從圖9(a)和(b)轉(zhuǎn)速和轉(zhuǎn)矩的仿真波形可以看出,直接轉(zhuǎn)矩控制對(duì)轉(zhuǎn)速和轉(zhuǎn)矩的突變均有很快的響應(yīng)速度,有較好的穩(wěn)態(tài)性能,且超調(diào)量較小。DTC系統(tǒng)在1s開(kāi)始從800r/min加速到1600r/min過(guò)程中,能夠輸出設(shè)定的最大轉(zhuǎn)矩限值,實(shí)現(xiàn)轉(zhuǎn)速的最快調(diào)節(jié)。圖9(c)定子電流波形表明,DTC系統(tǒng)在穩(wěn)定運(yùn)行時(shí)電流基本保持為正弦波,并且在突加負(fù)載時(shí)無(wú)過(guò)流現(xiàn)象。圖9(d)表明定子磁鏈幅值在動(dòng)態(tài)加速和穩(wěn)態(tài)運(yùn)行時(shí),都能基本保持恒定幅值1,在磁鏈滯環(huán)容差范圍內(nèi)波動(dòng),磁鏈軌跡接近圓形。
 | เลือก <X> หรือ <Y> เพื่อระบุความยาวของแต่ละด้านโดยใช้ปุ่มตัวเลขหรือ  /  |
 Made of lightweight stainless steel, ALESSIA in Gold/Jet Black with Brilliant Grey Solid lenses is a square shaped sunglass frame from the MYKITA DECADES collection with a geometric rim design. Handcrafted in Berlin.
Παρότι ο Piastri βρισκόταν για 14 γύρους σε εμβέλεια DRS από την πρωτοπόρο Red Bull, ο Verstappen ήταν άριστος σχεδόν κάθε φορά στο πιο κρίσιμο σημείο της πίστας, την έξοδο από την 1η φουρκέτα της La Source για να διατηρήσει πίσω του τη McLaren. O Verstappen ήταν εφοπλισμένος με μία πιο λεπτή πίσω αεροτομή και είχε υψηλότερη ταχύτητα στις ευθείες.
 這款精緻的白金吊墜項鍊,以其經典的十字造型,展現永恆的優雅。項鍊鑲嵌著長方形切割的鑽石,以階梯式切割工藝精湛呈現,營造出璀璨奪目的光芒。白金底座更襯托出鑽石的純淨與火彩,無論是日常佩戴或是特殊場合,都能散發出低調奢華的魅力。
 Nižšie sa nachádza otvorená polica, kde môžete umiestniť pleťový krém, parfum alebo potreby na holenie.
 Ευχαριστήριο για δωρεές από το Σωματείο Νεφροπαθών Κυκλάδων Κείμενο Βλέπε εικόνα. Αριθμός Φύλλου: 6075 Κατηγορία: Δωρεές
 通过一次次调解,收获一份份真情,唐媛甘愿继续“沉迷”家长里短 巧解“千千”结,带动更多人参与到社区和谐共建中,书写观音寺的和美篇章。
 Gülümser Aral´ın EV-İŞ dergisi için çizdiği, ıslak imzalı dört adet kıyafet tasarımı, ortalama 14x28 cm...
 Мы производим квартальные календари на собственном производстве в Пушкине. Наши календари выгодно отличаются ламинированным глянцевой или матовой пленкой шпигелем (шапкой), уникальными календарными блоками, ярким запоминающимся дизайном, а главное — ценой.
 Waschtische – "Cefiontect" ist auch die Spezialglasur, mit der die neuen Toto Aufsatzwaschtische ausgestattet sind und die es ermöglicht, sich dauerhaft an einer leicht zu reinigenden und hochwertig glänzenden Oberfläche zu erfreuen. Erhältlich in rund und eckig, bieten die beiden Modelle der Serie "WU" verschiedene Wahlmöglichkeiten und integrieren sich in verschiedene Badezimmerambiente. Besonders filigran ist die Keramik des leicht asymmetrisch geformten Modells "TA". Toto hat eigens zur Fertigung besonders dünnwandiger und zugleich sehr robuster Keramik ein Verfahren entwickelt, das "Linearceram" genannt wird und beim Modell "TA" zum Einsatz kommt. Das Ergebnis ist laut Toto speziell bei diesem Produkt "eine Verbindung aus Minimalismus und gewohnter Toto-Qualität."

Work instructions: Each record above should be transcribed exactly.

Response:
從圖9(a)和(b)轉(zhuǎn)速和轉(zhuǎn)矩的仿真波形可以看出,直接轉(zhuǎn)矩控制對(duì)轉(zhuǎn)速和轉(zhuǎn)矩的突變均有很快的響應(yīng)速度,有較好的穩(wěn)態(tài)性能,且超調(diào)量較小。DTC系統(tǒng)在1s開(kāi)始從800r/min加速到1600r/min過(guò)程中,能夠輸出設(shè)定的最大轉(zhuǎn)矩限值,實(shí)現(xiàn)轉(zhuǎn)速的最快調(diào)節(jié)。圖9(c)定子電流波形表明,DTC系統(tǒng)在穩(wěn)定運(yùn)行時(shí)電流基本保持為正弦波,并且在突加負(fù)載時(shí)無(wú)過(guò)流現(xiàn)象。圖9(d)表明定子磁鏈幅值在動(dòng)態(tài)加速和穩(wěn)態(tài)運(yùn)行時(shí),都能基本保持恒定幅值1,在磁鏈滯環(huán)容差范圍內(nèi)波動(dòng),磁鏈軌跡接近圓形。
 | เลือก <X> หรือ <Y> เพื่อระบุความยาวของแต่ละด้านโดยใช้ปุ่มตัวเลขหรือ  /  |
 Made of lightweight stainless steel, ALESSIA in Gold/Jet Black with Brilliant Grey Solid lenses is a square shaped sunglass frame from the MYKITA DECADES collection with a geometric rim design. Handcrafted in Berlin.
Παρότι ο Piastri βρισκόταν για 14 γύρους σε εμβέλεια DRS από την πρωτοπόρο Red Bull, ο Verstappen ήταν άριστος σχεδόν κάθε φορά στο πιο κρίσιμο σημείο της πίστας, την έξοδο από την 1η φουρκέτα της La Source για να διατηρήσει πίσω του τη McLaren. O Verstappen ήταν εφοπλισμένος με μία πιο λεπτή πίσω αεροτομή και είχε υψηλότερη ταχύτητα στις ευθείες.
 這款精緻的白金吊墜項鍊,以其經典的十字造型,展現永恆的優雅。項鍊鑲嵌著長方形切割的鑽石,以階梯式切割工藝精湛呈現,營造出璀璨奪目的光芒。白金底座更襯托出鑽石的純淨與火彩,無論是日常佩戴或是特殊場合,都能散發出低調奢華的魅力。
 Nižšie sa nachádza otvorená polica, kde môžete umiestniť pleťový krém, parfum alebo potreby na holenie.
 Ευχαριστήριο για δωρεές από το Σωματείο Νεφροπαθών Κυκλάδων Κείμενο Βλέπε εικόνα. Αριθμός Φύλλου: 6075 Κατηγορία: Δωρεές
 通过一次次调解,收获一份份真情,唐媛甘愿继续“沉迷”家长里短 巧解“千千”结,带动更多人参与到社区和谐共建中,书写观音寺的和美篇章。
 Gülümser Aral´ın EV-İŞ dergisi için çizdiği, ıslak imzalı dört adet kıyafet tasarımı, ortalama 14x28 cm...
 Мы производим квартальные календари на собственном производстве в Пушкине. Наши календари выгодно отличаются ламинированным глянцевой или матовой пленкой шпигелем (шапкой), уникальными календарными блоками, ярким запоминающимся дизайном, а главное — ценой.
 Waschtische – "Cefiontect" ist auch die Spezialglasur, mit der die neuen Toto Aufsatzwaschtische ausgestattet sind und die es ermöglicht, sich dauerhaft an einer leicht zu reinigenden und hochwertig glänzenden Oberfläche zu erfreuen. Erhältlich in rund und eckig, bieten die beiden Modelle der Serie "WU" verschiedene Wahlmöglichkeiten und integrieren sich in verschiedene Badezimmerambiente. Besonders filigran ist die Keramik des leicht asymmetrisch geformten Modells "TA". Toto hat eigens zur Fertigung besonders dünnwandiger und zugleich sehr robuster Keramik ein Verfahren entwickelt, das "Linearceram" genannt wird und beim Modell "TA" zum Einsatz kommt. Das Ergebnis ist laut Toto speziell bei diesem Produkt "eine Verbindung aus Minimalismus und gewohnter Toto-Qualität."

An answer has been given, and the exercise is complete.